*** Opening Entries provided ***

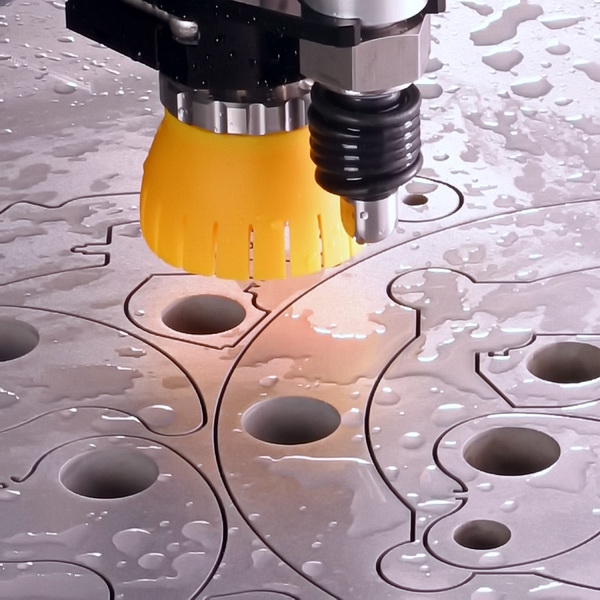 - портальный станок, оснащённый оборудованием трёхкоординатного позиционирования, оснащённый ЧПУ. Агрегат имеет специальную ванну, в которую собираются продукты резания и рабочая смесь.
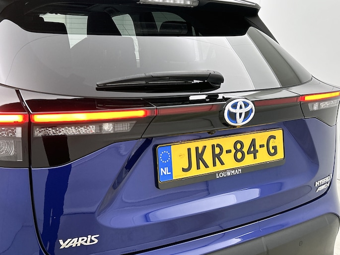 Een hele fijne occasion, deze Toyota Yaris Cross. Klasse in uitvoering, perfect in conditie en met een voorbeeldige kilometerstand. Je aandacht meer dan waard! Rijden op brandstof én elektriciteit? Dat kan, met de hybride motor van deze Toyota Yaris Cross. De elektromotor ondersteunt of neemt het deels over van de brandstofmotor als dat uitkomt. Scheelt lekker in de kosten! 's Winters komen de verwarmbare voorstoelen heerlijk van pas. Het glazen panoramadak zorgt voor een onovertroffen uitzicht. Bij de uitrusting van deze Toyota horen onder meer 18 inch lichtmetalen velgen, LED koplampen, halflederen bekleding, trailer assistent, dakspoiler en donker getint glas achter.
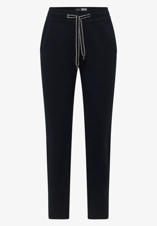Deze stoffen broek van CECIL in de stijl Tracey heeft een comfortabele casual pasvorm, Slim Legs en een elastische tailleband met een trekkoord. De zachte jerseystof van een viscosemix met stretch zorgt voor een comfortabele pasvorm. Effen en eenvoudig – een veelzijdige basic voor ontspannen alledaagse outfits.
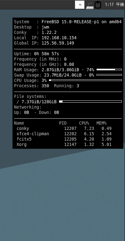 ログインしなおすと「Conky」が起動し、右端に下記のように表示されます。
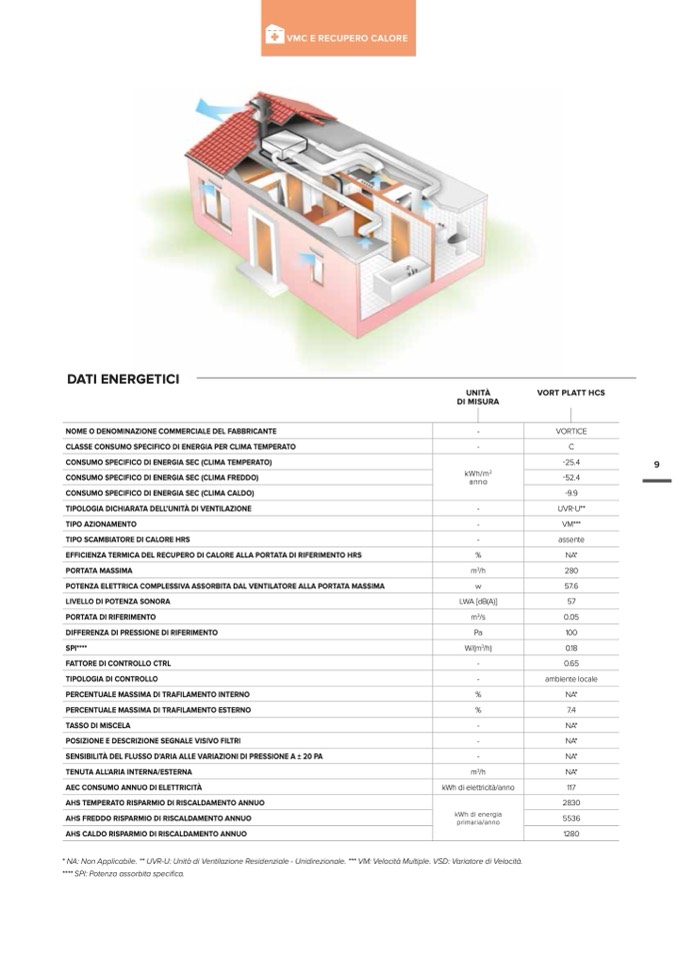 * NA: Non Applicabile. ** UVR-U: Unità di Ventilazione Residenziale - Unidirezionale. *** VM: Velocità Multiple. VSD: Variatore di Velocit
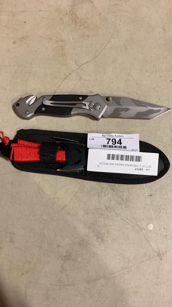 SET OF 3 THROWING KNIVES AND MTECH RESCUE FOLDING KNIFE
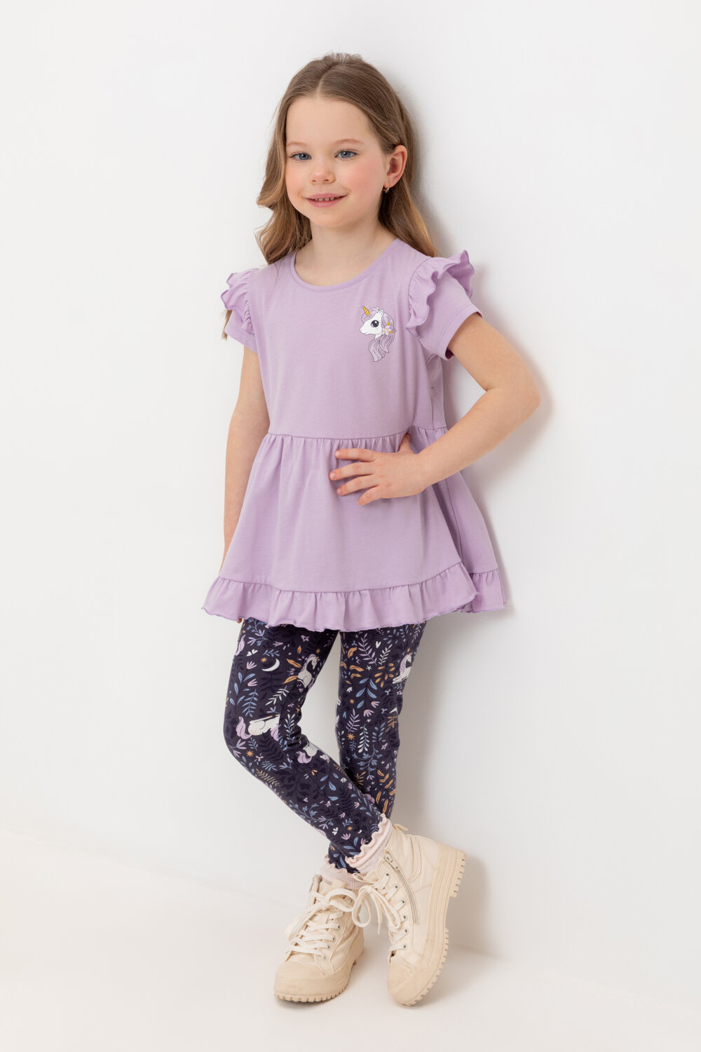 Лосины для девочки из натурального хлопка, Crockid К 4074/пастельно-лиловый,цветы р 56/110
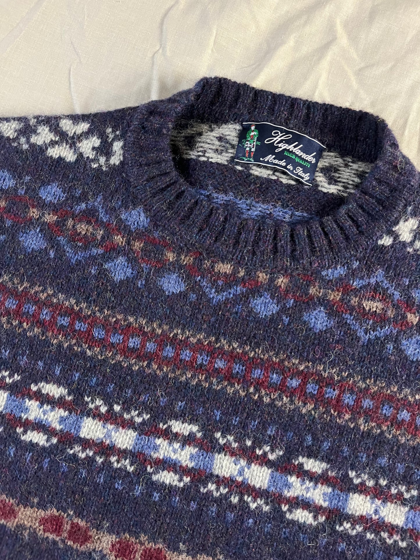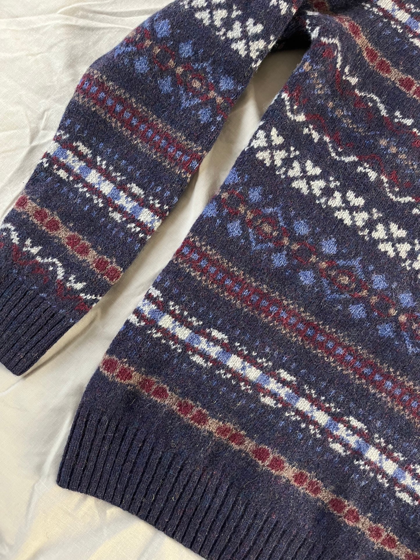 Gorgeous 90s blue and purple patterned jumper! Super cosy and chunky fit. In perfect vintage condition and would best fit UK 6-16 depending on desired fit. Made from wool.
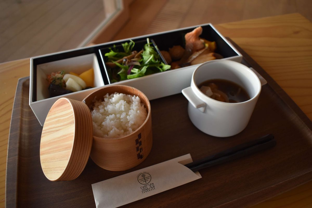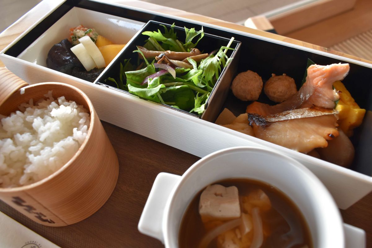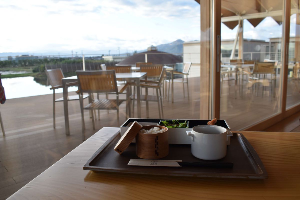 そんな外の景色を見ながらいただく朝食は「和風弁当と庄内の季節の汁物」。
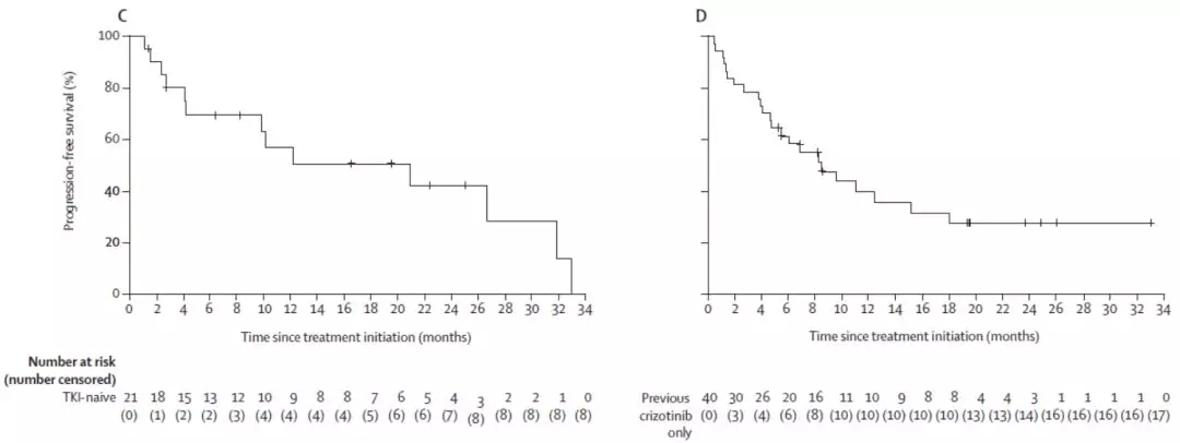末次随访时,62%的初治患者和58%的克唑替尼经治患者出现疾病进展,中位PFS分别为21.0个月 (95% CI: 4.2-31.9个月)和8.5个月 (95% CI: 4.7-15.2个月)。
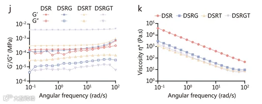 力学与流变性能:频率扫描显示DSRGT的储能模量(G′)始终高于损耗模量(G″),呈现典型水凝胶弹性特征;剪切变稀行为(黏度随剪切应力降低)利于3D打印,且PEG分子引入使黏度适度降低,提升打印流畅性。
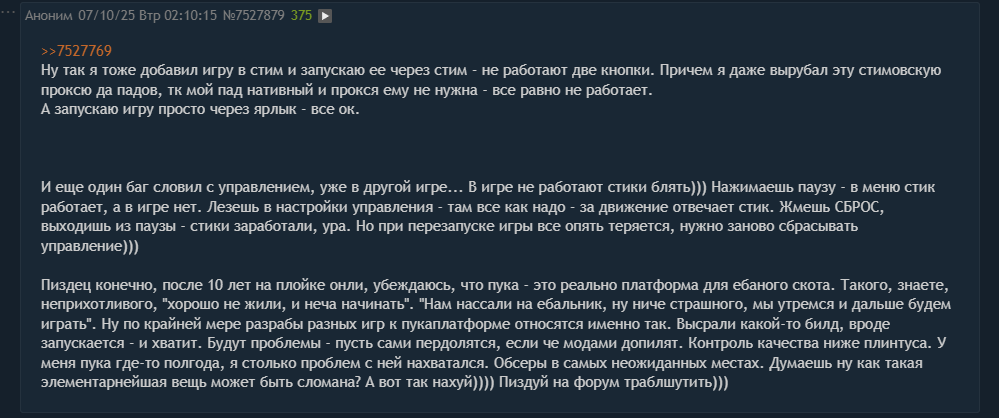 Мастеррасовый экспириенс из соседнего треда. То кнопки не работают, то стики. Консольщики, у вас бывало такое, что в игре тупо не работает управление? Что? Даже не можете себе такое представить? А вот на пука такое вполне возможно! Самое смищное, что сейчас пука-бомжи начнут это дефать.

*** Closing Entries provided ***

In the material above, the stretch from the line with "Variatore di Velocit" through the line with "(95% CI: 4.7-15.2个月)。" is to be given again exactly, minus the pictures.

• _Response box_
 * NA: Non Applicabile. ** UVR-U: Unità di Ventilazione Residenziale - Unidirezionale. *** VM: Velocità Multiple. VSD: Variatore di Velocit
 SET OF 3 THROWING KNIVES AND MTECH RESCUE FOLDING KNIFE
 Лосины для девочки из натурального хлопка, Crockid К 4074/пастельно-лиловый,цветы р 56/110
 Gorgeous 90s blue and purple patterned jumper! Super cosy and chunky fit. In perfect vintage condition and would best fit UK 6-16 depending on desired fit. Made from wool.
 そんな外の景色を見ながらいただく朝食は「和風弁当と庄内の季節の汁物」。
末次随访时,62%的初治患者和58%的克唑替尼经治患者出现疾病进展,中位PFS分别为21.0个月 (95% CI: 4.2-31.9个月)和8.5个月 (95% CI: 4.7-15.2个月)。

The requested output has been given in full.